_What the task requires_: Return each line exactly, from the one that has "Este papel personalizado" through the end of the entries, both ends included. Pictures do not belong.

_Recorded information_:

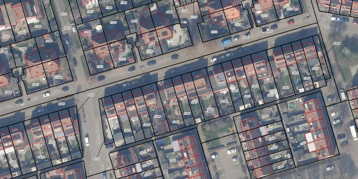 Het perceel waarop Schokker 77 staat heeft een oppervlakte van 164 m². Dit is een middelgroot perceel. De perceeloppervlakte wordt geregistreerd door het Kadaster. Gedetailleerde informatie over de maten van dit perceel kunt u vinden in het rapport Kadastrale kaart met maatvoering van Schokker 77.
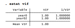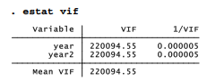 These VIF values indicate serious collinearity. Because there are only two predictors, in this instance we can confirm that observation just by looking at their correlations. year and year2 correlate almost perfectly.
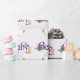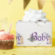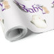Este papel personalizado fofo e assustador apresenta um tema de chá de fraldas de Halloween. Uma imagem de um pequeno fantasma branco é impressa abaixo da palavra "Baby" , que é impressa em uma fonte roxa assustadora. As teias de aranha e um morcego bebê acendem o texto. Você pode personalizar o papel de empacotamento para incluir seu próprio nome ou texto personalizado.
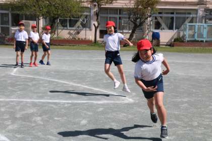 じゃんけんに負けて、大急ぎで引き返す姿に子どもたちの全力で取り組む様子がうかがえます。
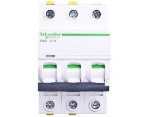Wyłącznik nadprądowy iC60N-D1-3 D 1A 3-biegunowy ,o numerze A9F05301. Możliwość bezpośredniego podłączenia dwóch przewodów o różnych przekrojach. Opt yczny wskaźnik Visi-Trip wyzwolenia elektrycznego, biało-czerwony. Możliwość demontażu pojedynczego aparatu bez potrzeby zdejmowania szyny łączeniowej. Zdjemowanie z szyny DIN bez użycia narzędzi. Jego klasa ograniczenia 3 (zgodnie z normą EN/IEC60898-1) poprawia koszt ochrony obwodu odpływowego. Unikalny wskaźnik Visitrip skraca czas interwencji, pokazując uszkodzony obwód.

_Reply to the task_:
Este papel personalizado fofo e assustador apresenta um tema de chá de fraldas de Halloween. Uma imagem de um pequeno fantasma branco é impressa abaixo da palavra "Baby" , que é impressa em uma fonte roxa assustadora. As teias de aranha e um morcego bebê acendem o texto. Você pode personalizar o papel de empacotamento para incluir seu próprio nome ou texto personalizado.
 じゃんけんに負けて、大急ぎで引き返す姿に子どもたちの全力で取り組む様子がうかがえます。
Wyłącznik nadprądowy iC60N-D1-3 D 1A 3-biegunowy ,o numerze A9F05301. Możliwość bezpośredniego podłączenia dwóch przewodów o różnych przekrojach. Opt yczny wskaźnik Visi-Trip wyzwolenia elektrycznego, biało-czerwony. Możliwość demontażu pojedynczego aparatu bez potrzeby zdejmowania szyny łączeniowej. Zdjemowanie z szyny DIN bez użycia narzędzi. Jego klasa ograniczenia 3 (zgodnie z normą EN/IEC60898-1) poprawia koszt ochrony obwodu odpływowego. Unikalny wskaźnik Visitrip skraca czas interwencji, pokazując uszkodzony obwód.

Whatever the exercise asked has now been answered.